▶ _Data section_:

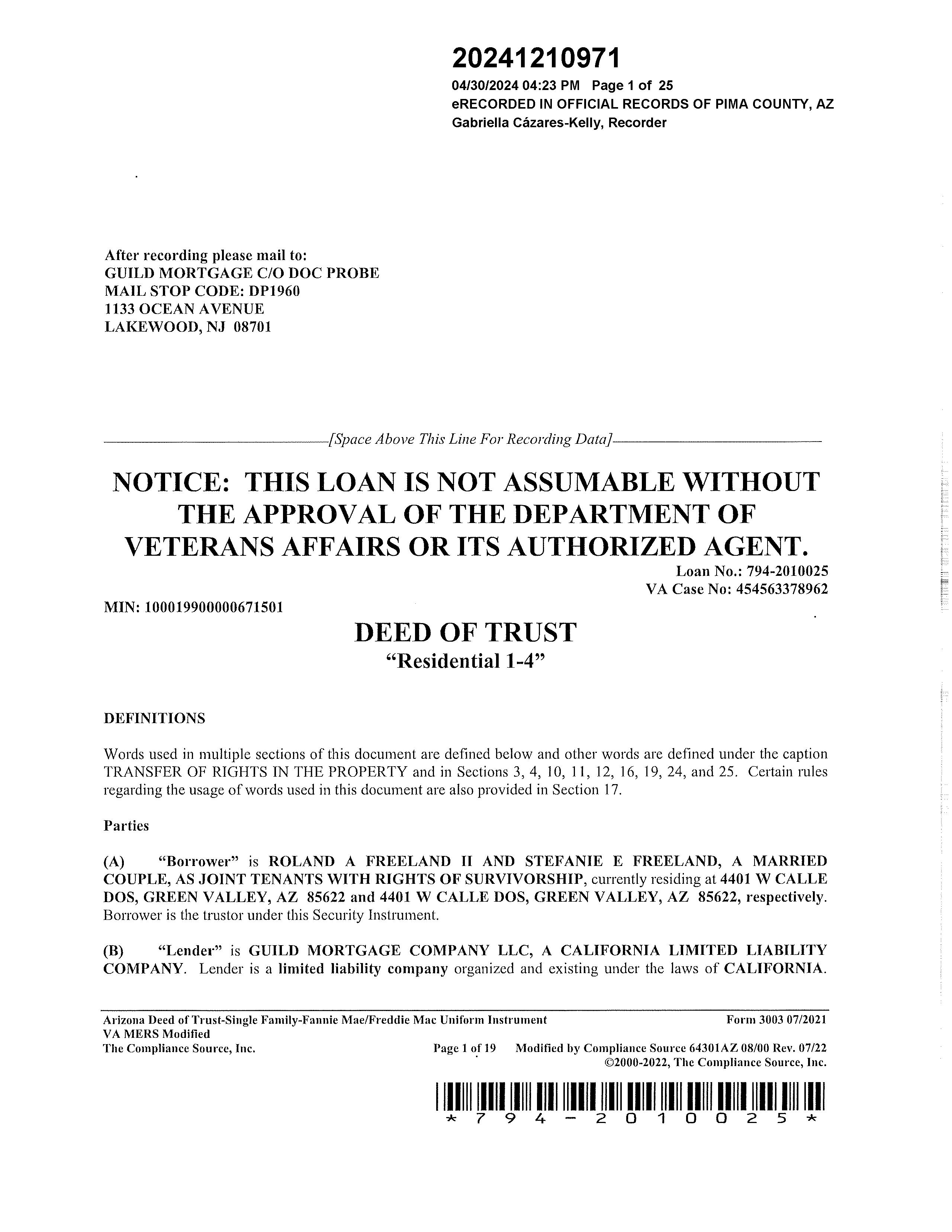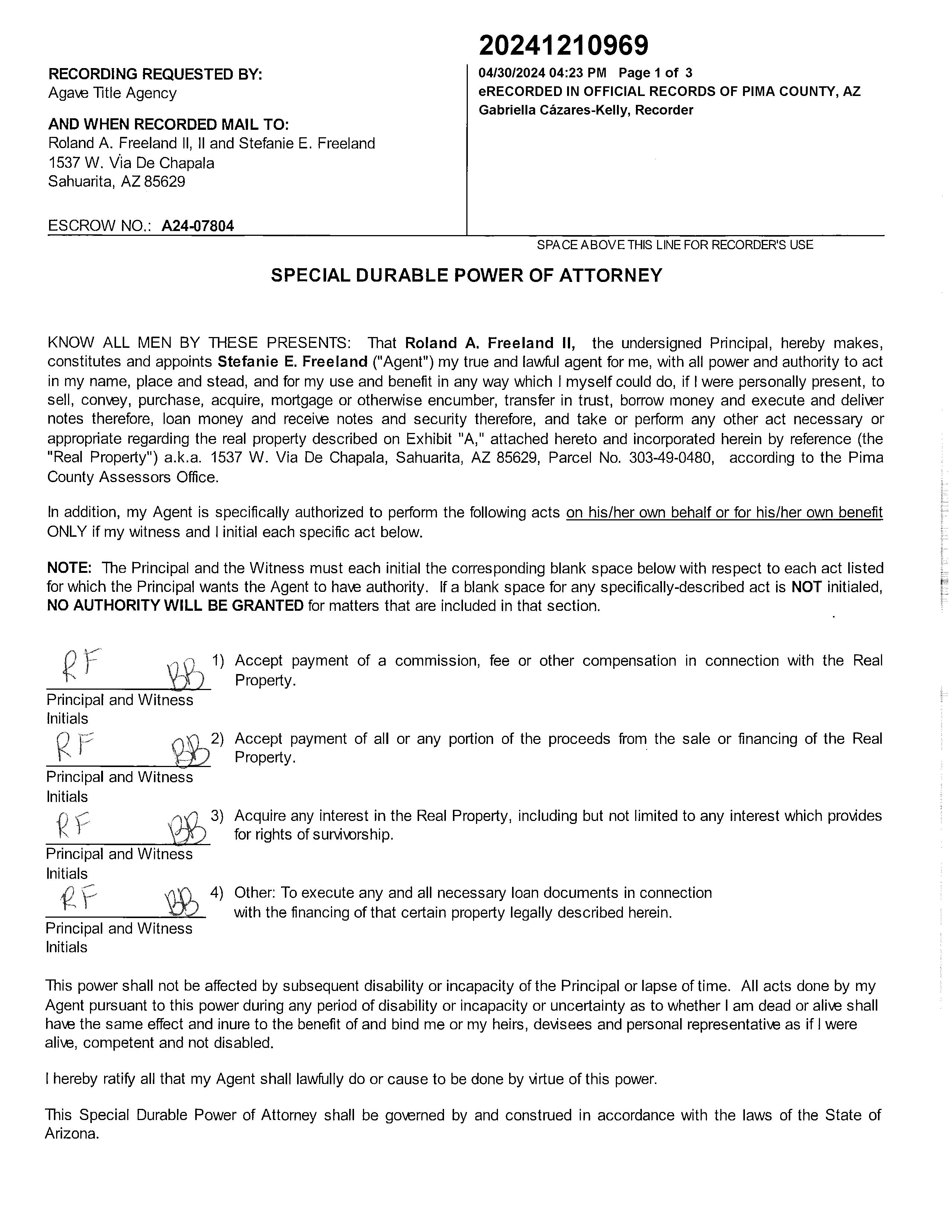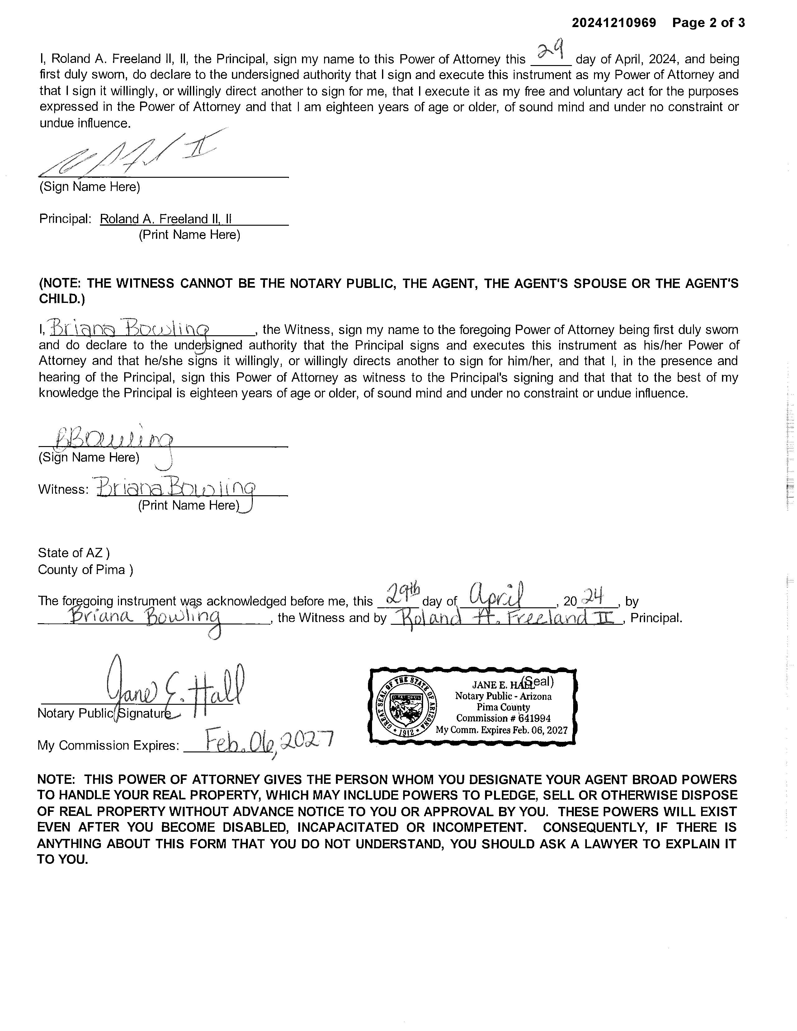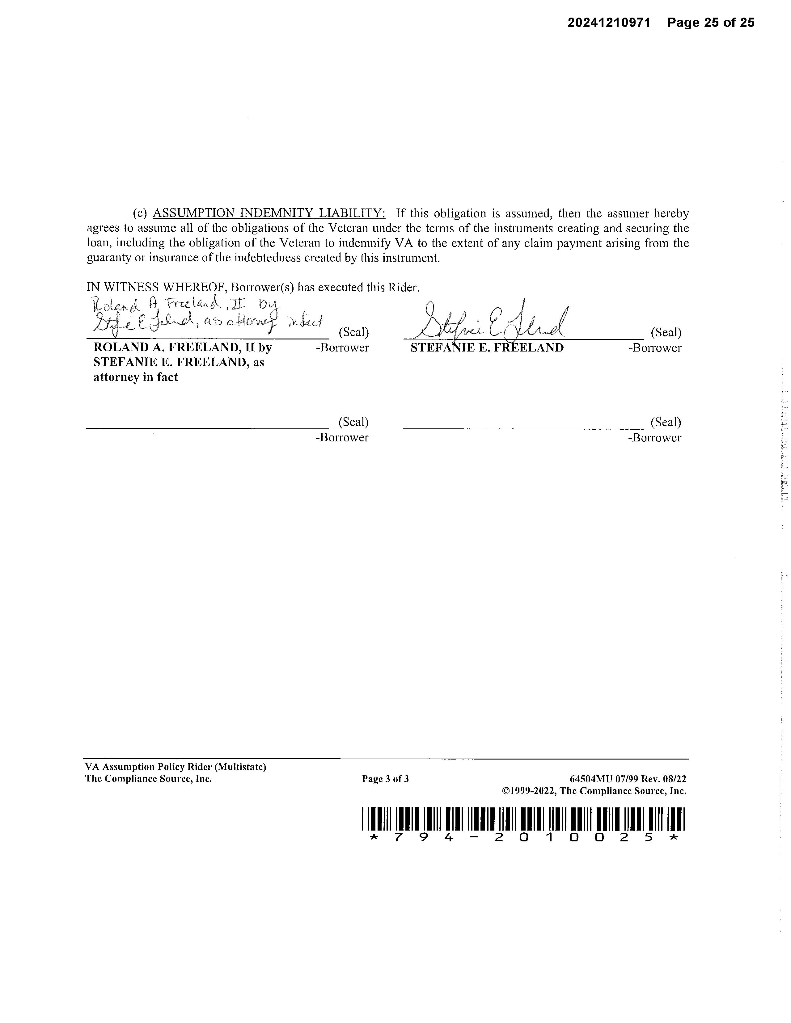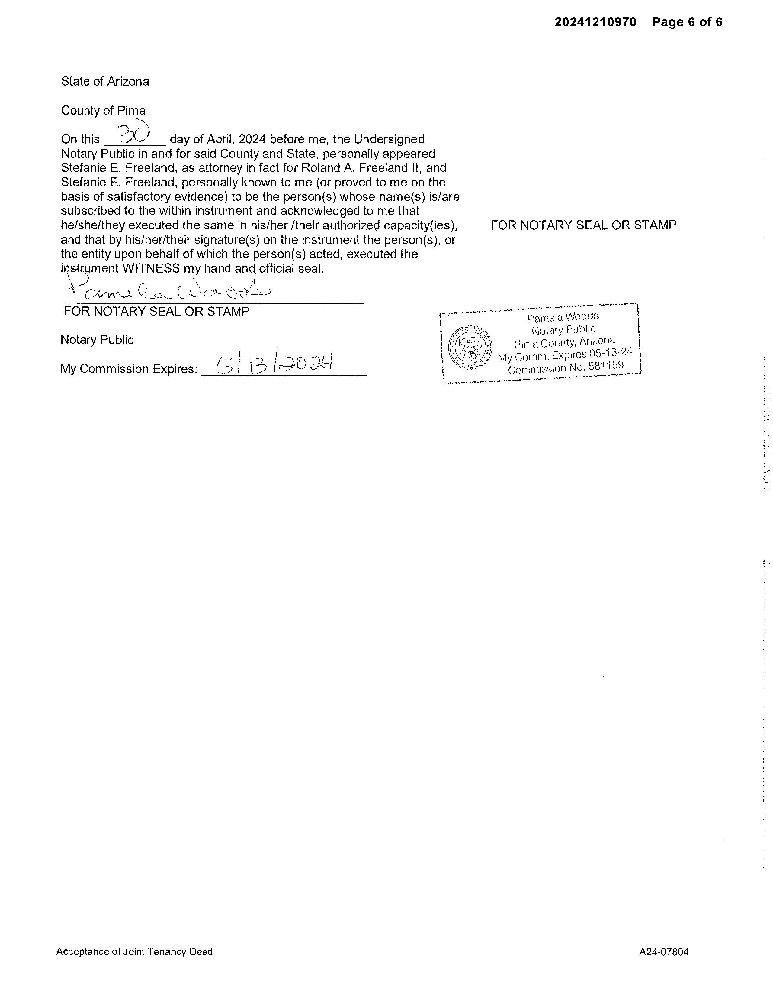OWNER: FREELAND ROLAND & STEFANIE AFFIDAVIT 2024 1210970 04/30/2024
==
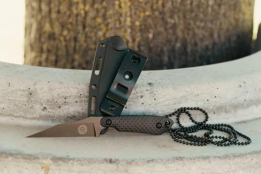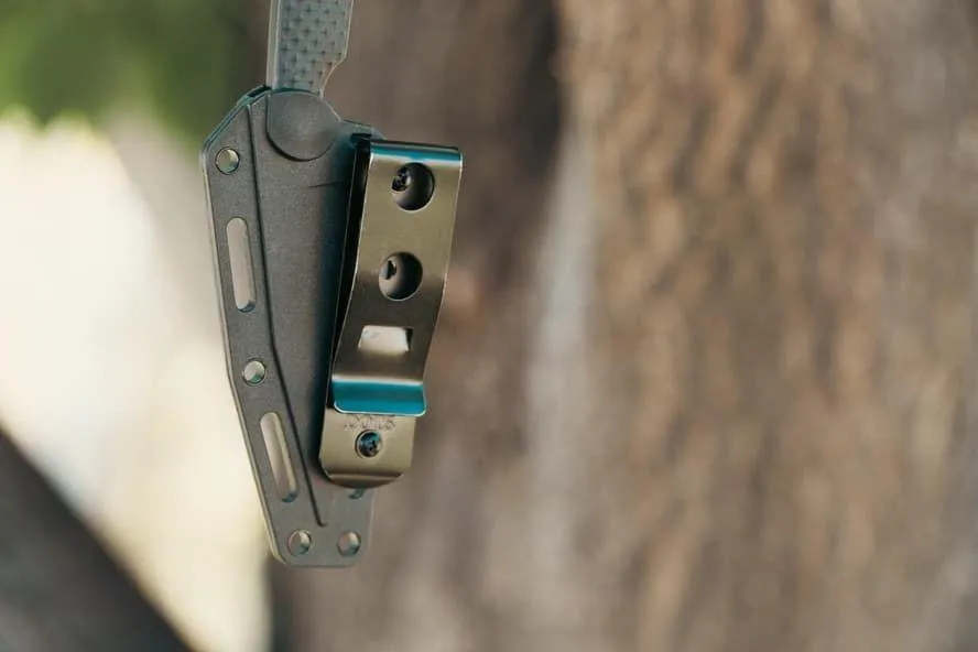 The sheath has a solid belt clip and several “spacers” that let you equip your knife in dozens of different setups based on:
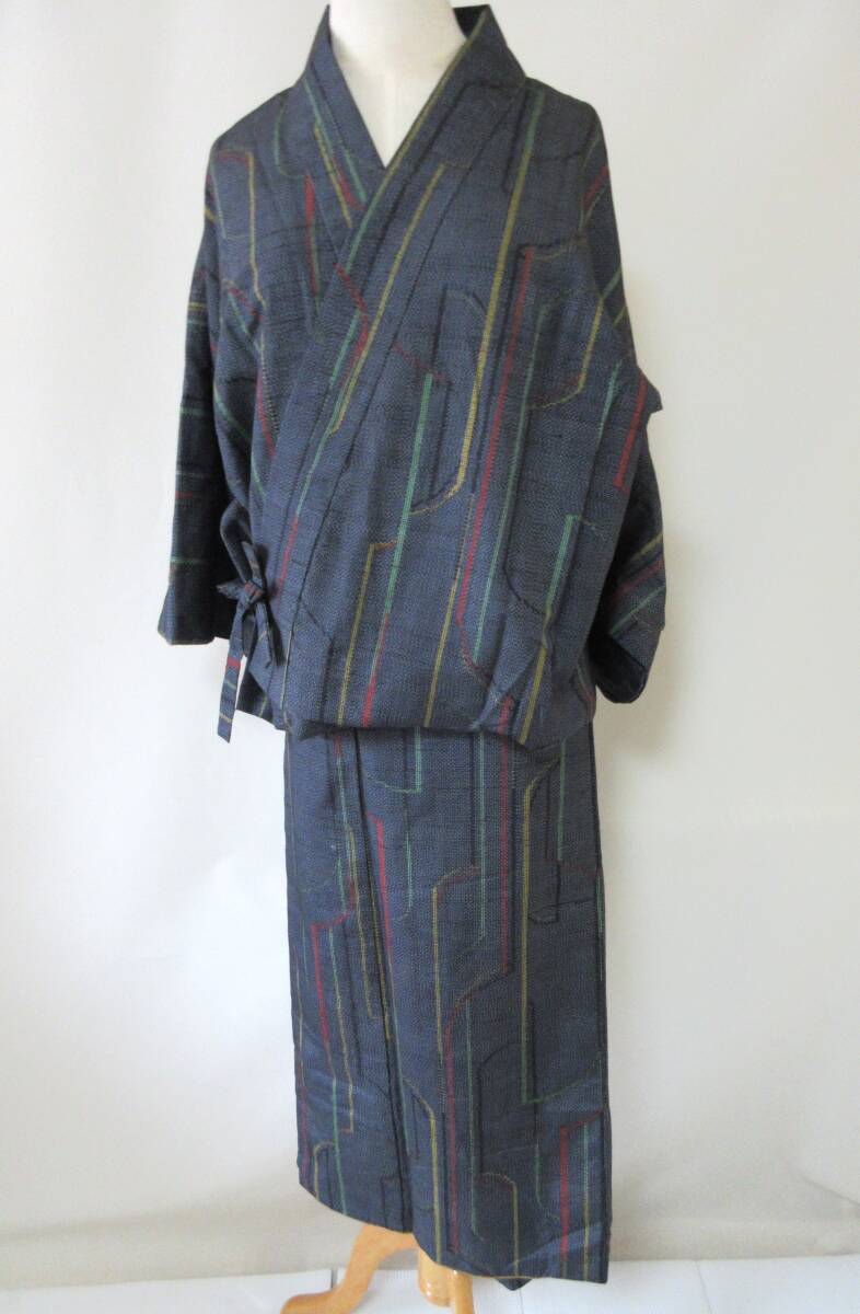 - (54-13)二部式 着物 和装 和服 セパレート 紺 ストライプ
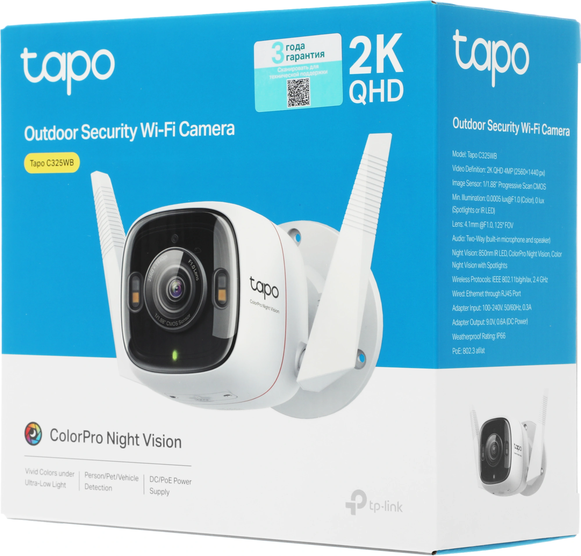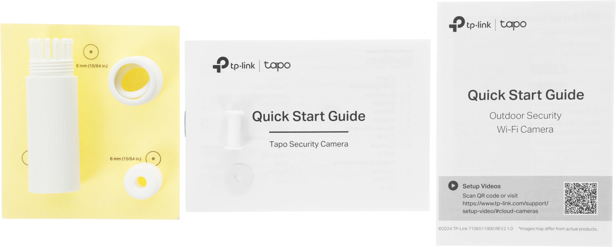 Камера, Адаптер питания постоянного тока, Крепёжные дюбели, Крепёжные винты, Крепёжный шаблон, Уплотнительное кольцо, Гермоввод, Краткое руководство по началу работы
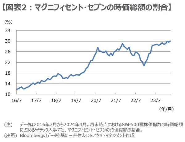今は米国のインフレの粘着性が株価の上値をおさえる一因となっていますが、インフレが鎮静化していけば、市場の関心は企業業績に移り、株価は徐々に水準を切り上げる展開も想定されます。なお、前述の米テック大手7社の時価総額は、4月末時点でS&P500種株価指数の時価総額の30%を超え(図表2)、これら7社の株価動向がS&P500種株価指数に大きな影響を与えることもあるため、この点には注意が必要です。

▶ _Exercise brief_: From the listing above, repeat only the lines between the line containing "- (54-13)二部式 着物 和装 和服 セパレート 紺 ストライプ" and the line containing "Камера, Адаптер питания", those two included. Pictures are not part of the copy.

▶ _Written response_:
 - (54-13)二部式 着物 和装 和服 セパレート 紺 ストライプ
 Камера, Адаптер питания постоянного тока, Крепёжные дюбели, Крепёжные винты, Крепёжный шаблон, Уплотнительное кольцо, Гермоввод, Краткое руководство по началу работы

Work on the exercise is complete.